> _STUDY MATERIAL_
=== Begin Enclosure ===

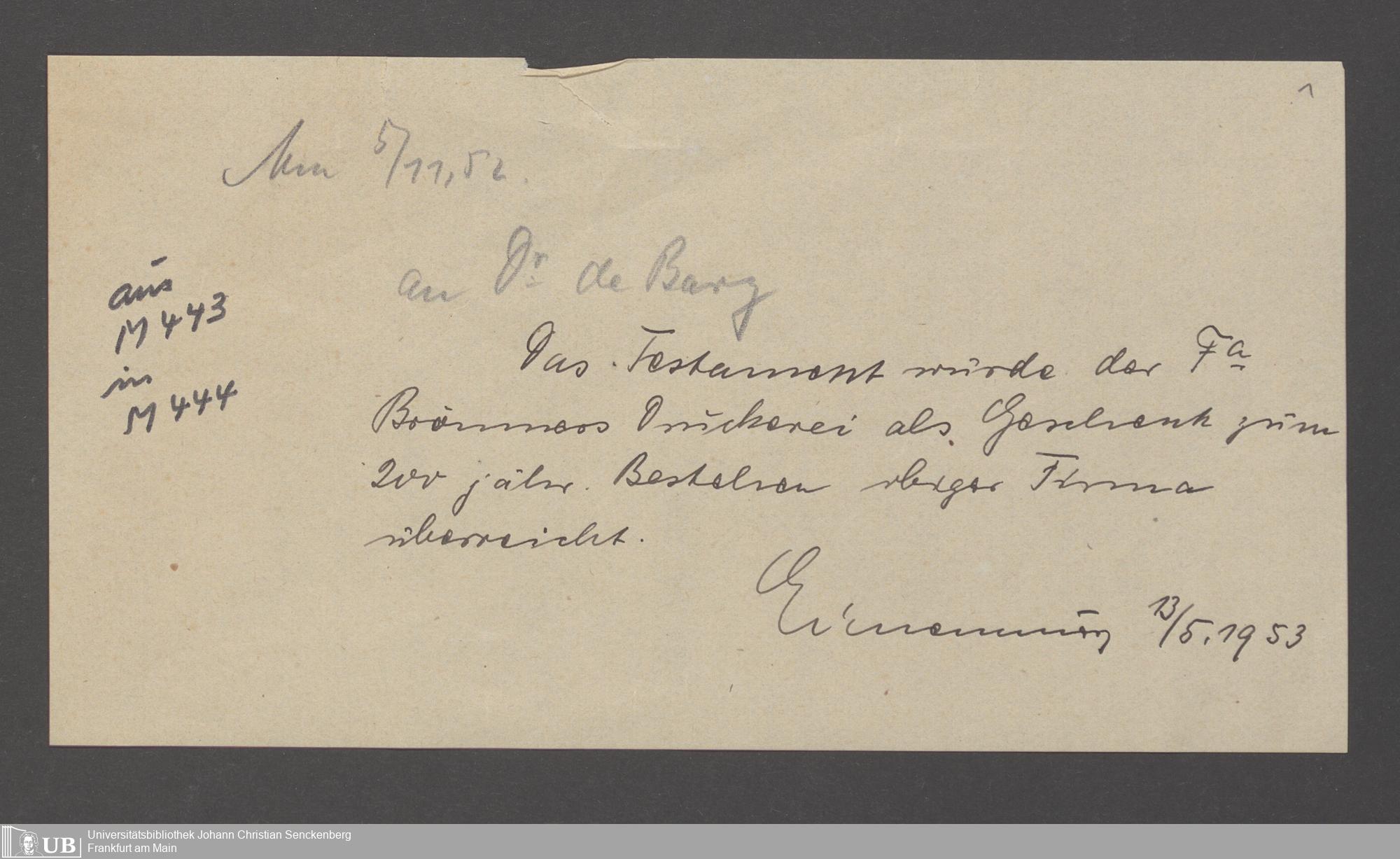 B 5 Dr. Senckenbergische Stiftung, 94 - Erbschaft Senator Brönner
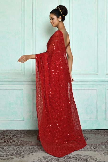 Red saree featuring all-over sequin embroidery in a checkered pattern. Comes with unstitched blouse fabric in Bangalore silk.
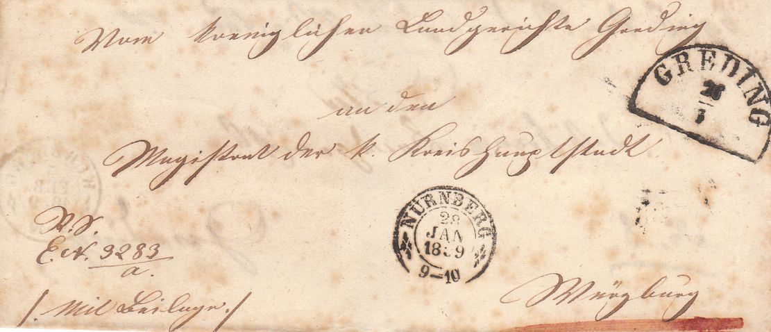 Einen aus Greding nach Würzburg vom 26.1.1859 möchte ich noch zeigen, der zwar nur ein "langweiliger Dienstbrief" ist, aber doch eine kleine Besonderheit aufweist. Vlt. kommt ein Knobler dahinter?
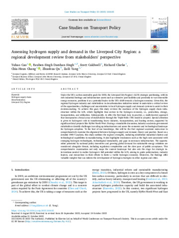 Assessing hydrogen supply and demand in the Liverpool City Region: a regional development review from stakeholders’ perspective.
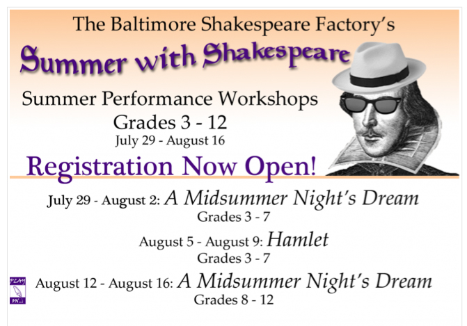 The Baltimore Shakespeare Factory is offering three, one week long workshops that will allow kids to experience what it might be like to travel back in time to the 1600s and be a part of the fun and excitement of Shakespeare’s acting company–The King’s Men. The BSF’s  “Summer with Shakespeare:Performance Workshops” will help students develop acting skills, make friends, build confidence, and develop an appreciation and understanding of Shakespeare’s work.
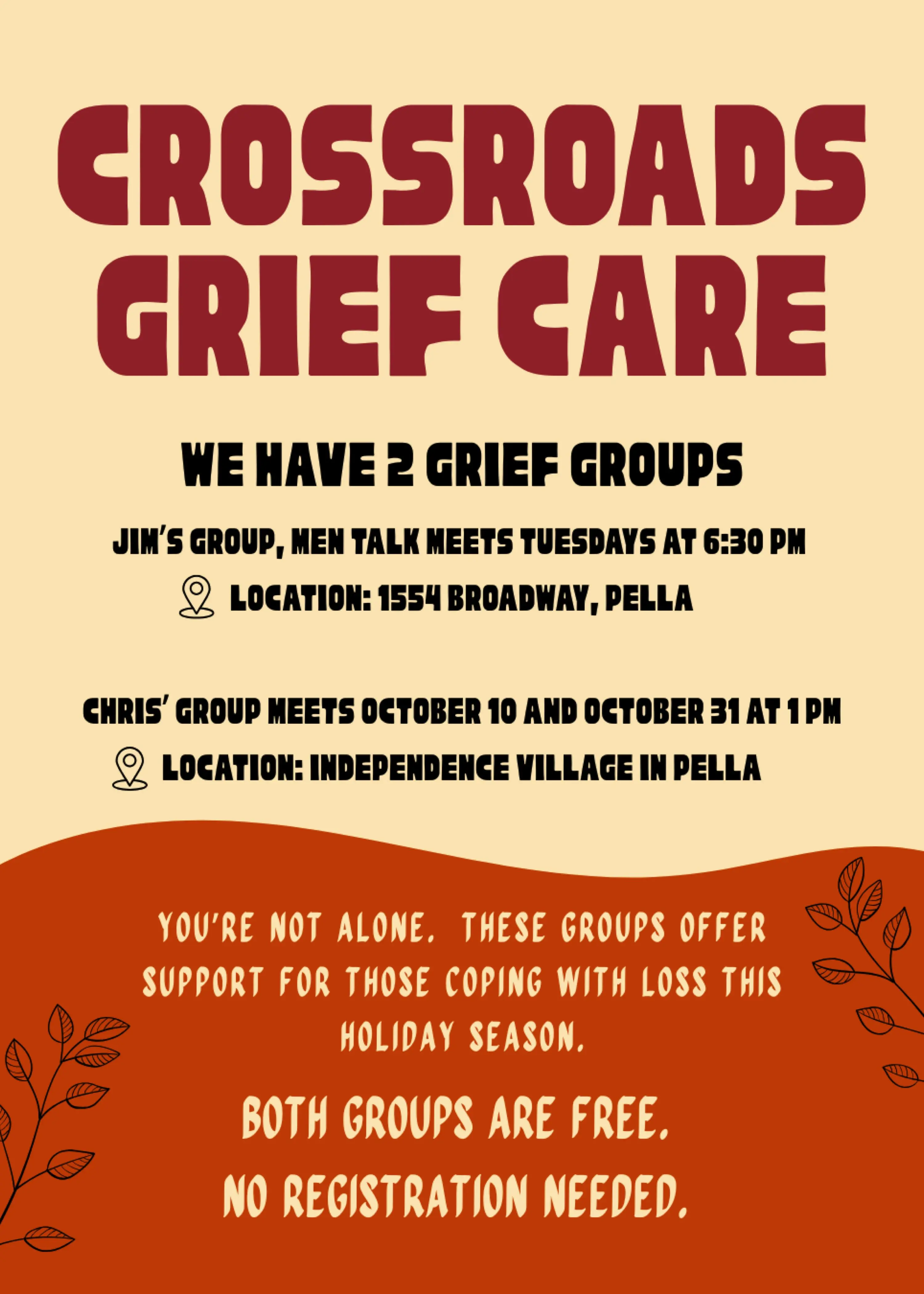 Crossroads of Pella will hold a grief support group on Tuesdays at 1554 Broadway in Pella. The group meets Tuesday at 6:30pm and is free and no registration is needed. This group supports those that have or are experiencing loss.
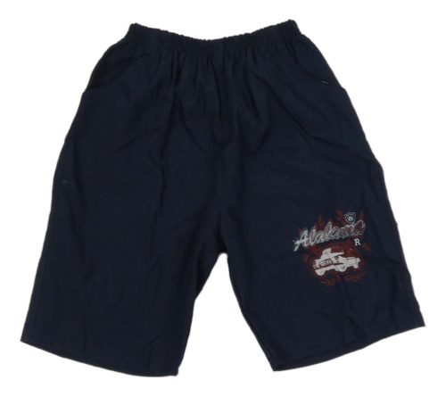 Tmavomodré plátenné kraťasy s autom a nápisom
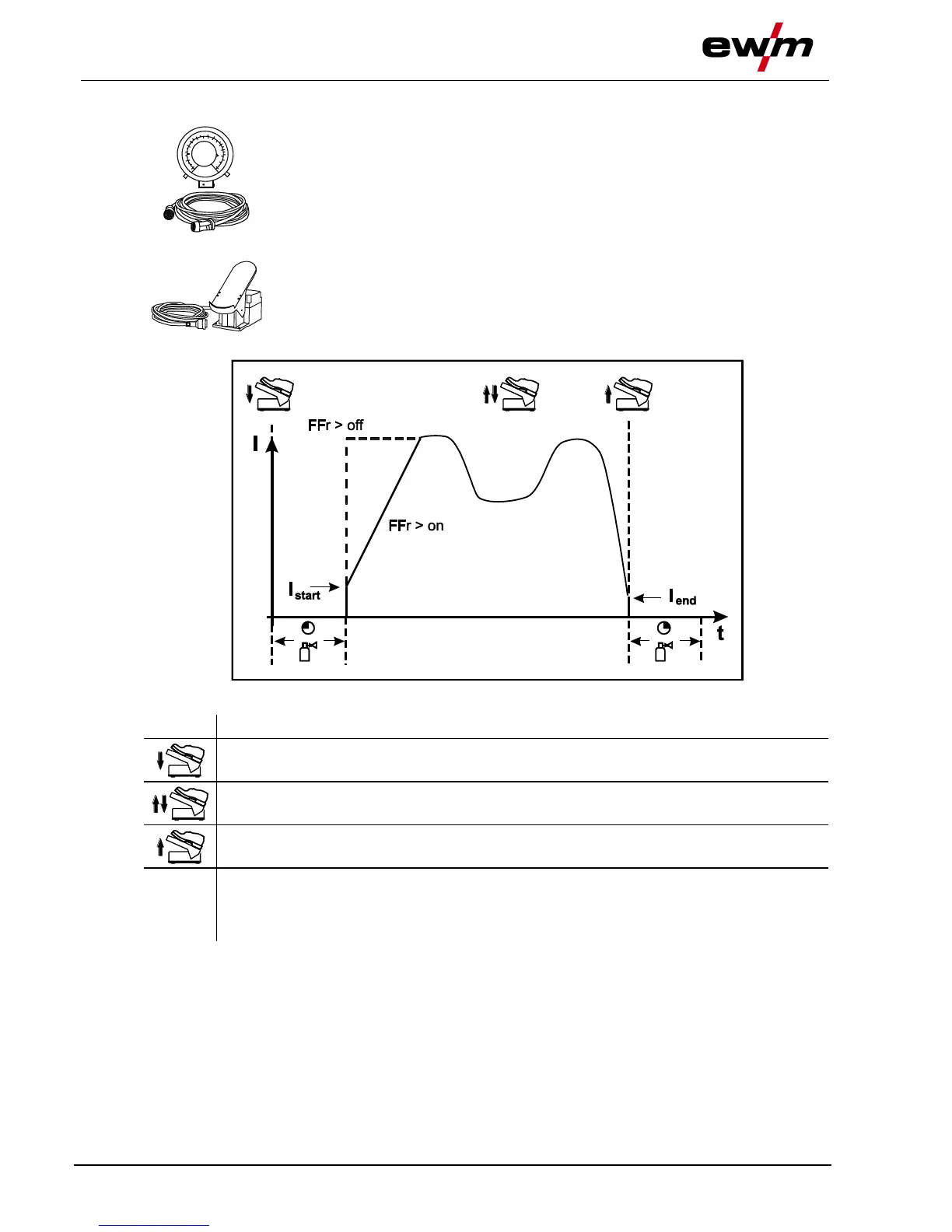 Operate foot-operated remote control (set welding current according to application)
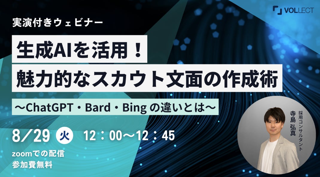 【8/29開催】「話題の生成AIを活用!魅力的なスカウト文面の作成術」 ChatGPT・Bard・Bingの違いとはウェビナー【採用担当者対象】
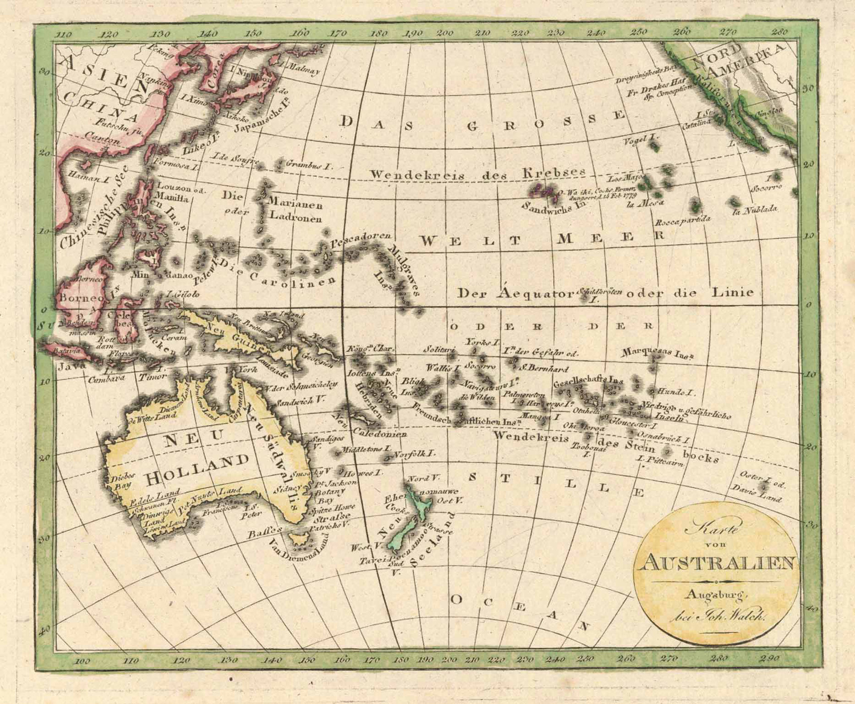 Tooley’s Dic. of Mapm. Rev. Ed. Q – Z, S. 343 (Johann <Jean; Johannes> Walch, 1757-1824. Cartographer and map publisher of Augsburg, son-in-law of Johann Martin Will whom he succeeded in 1806. …); Gier-Janota, Augsburger Buchdruck u. Verlagswesen, S. 1303 (Johann Walch). – Zeigt Australien, Neuseeland, den westlichen Teil von Indonesien, die Philippinen, die nordöstliche Küste von China mit Korea und Japan, die nordwestliche Küste von Nordamerika mit Kalifornien, Neuguinea, Polynesien und den Pazifischen Ozean. – Unten rechts Kartentitel und Verlegeradresse.

=== End Enclosure ===

> _REQUIRED WORK_
Could you give again precisely the lines from the one containing "Operate foot-operated remote" through the final line of the material above, both included, and no others, dropping the pictures?

> _REPLY TO THE EXERCISE_
 Operate foot-operated remote control (set welding current according to application)
 【8/29開催】「話題の生成AIを活用!魅力的なスカウト文面の作成術」 ChatGPT・Bard・Bingの違いとはウェビナー【採用担当者対象】
 Tooley’s Dic. of Mapm. Rev. Ed. Q – Z, S. 343 (Johann <Jean; Johannes> Walch, 1757-1824. Cartographer and map publisher of Augsburg, son-in-law of Johann Martin Will whom he succeeded in 1806. …); Gier-Janota, Augsburger Buchdruck u. Verlagswesen, S. 1303 (Johann Walch). – Zeigt Australien, Neuseeland, den westlichen Teil von Indonesien, die Philippinen, die nordöstliche Küste von China mit Korea und Japan, die nordwestliche Küste von Nordamerika mit Kalifornien, Neuguinea, Polynesien und den Pazifischen Ozean. – Unten rechts Kartentitel und Verlegeradresse.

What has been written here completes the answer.